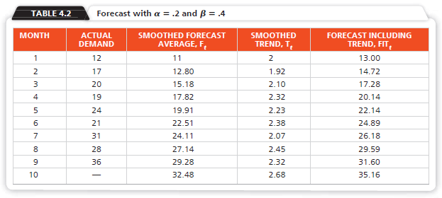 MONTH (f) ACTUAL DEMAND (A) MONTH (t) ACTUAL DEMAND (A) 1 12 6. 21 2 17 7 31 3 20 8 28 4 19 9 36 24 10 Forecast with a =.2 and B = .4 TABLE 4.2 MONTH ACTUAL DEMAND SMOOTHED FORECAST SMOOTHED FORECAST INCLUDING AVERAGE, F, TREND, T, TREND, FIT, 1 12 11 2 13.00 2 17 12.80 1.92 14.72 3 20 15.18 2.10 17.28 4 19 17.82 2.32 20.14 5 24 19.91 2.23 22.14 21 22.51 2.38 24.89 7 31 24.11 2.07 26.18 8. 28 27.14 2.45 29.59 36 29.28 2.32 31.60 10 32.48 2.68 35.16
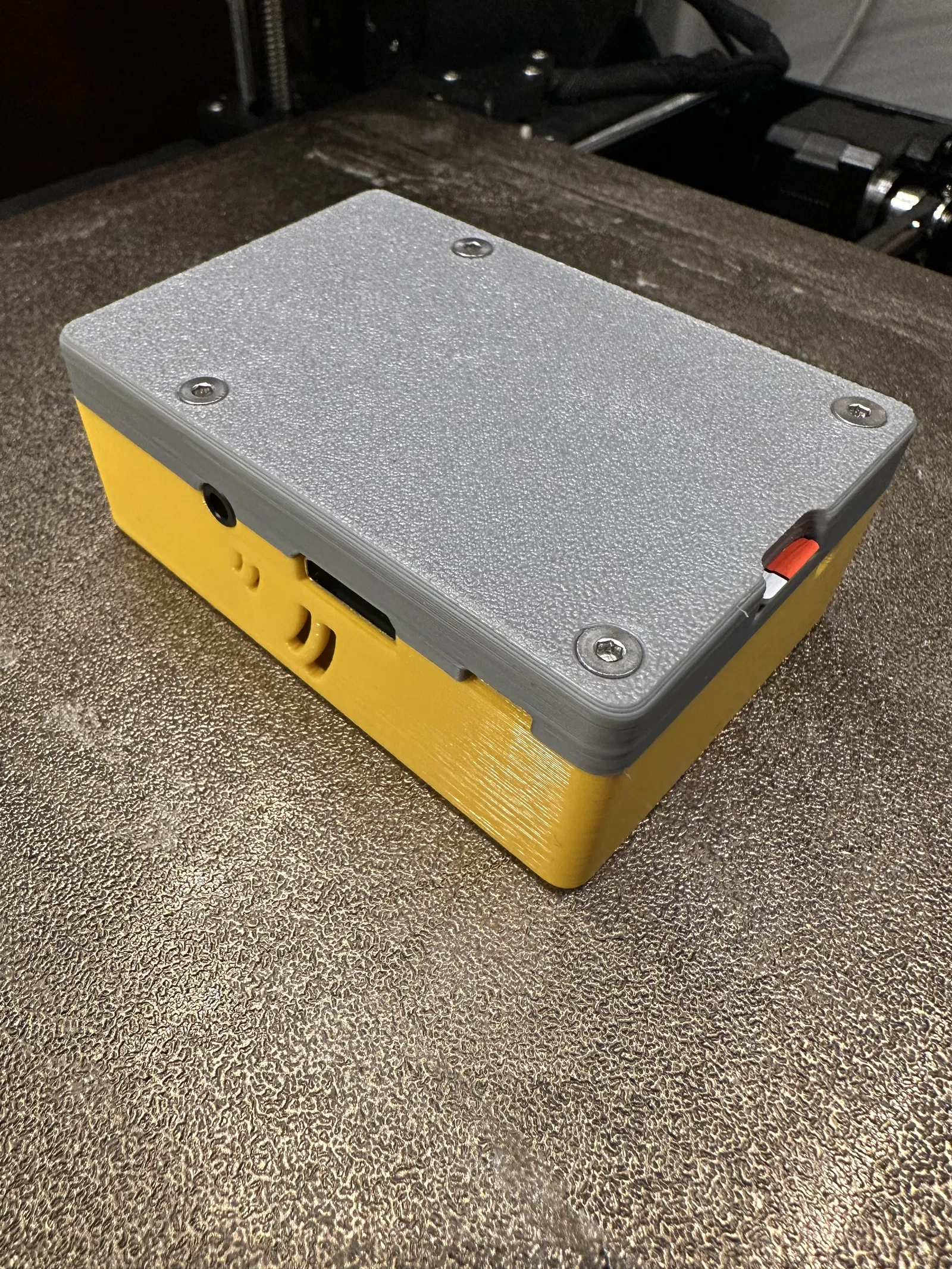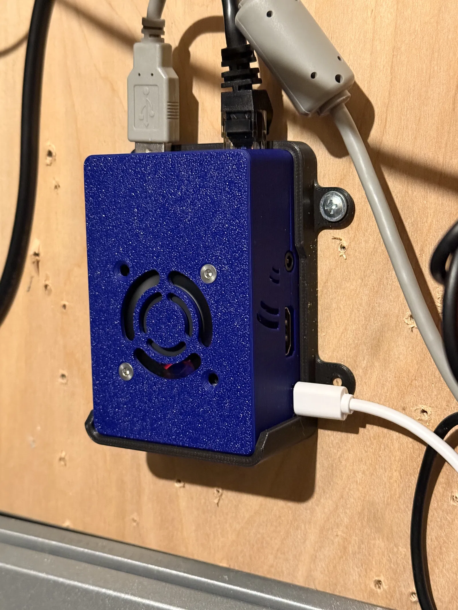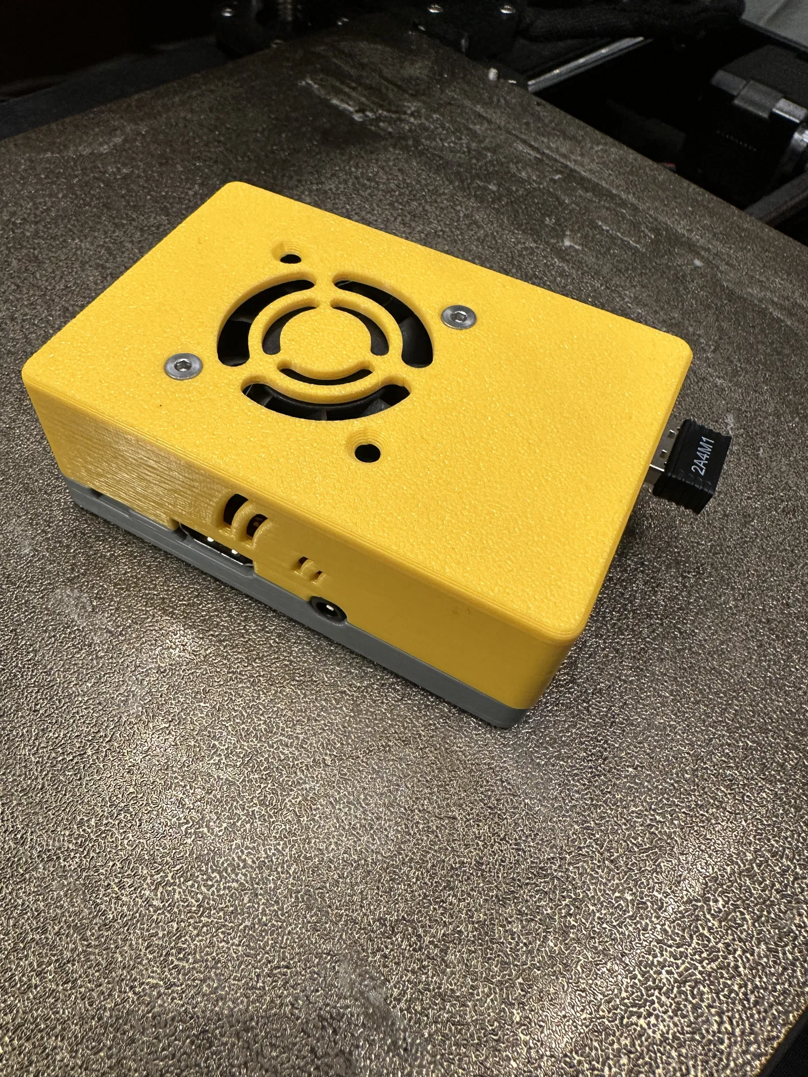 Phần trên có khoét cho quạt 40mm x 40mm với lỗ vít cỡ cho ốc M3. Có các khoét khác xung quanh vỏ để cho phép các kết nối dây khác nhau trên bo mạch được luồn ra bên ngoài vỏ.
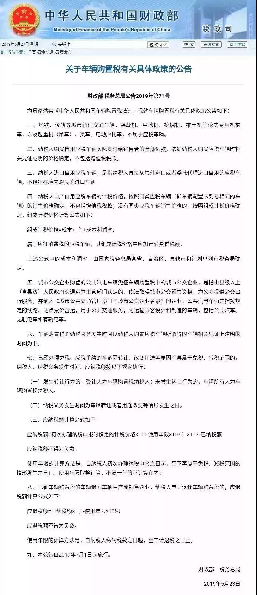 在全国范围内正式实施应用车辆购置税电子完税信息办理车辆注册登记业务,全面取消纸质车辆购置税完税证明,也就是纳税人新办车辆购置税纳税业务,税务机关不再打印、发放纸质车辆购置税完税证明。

==*==

- [Exercise prompt] Restate word for word only the lines from the one with "Phần trên có" through the last line of the material, both included. Any picture should be left out.

- [Completed task]
 Phần trên có khoét cho quạt 40mm x 40mm với lỗ vít cỡ cho ốc M3. Có các khoét khác xung quanh vỏ để cho phép các kết nối dây khác nhau trên bo mạch được luồn ra bên ngoài vỏ.
 在全国范围内正式实施应用车辆购置税电子完税信息办理车辆注册登记业务,全面取消纸质车辆购置税完税证明,也就是纳税人新办车辆购置税纳税业务,税务机关不再打印、发放纸质车辆购置税完税证明。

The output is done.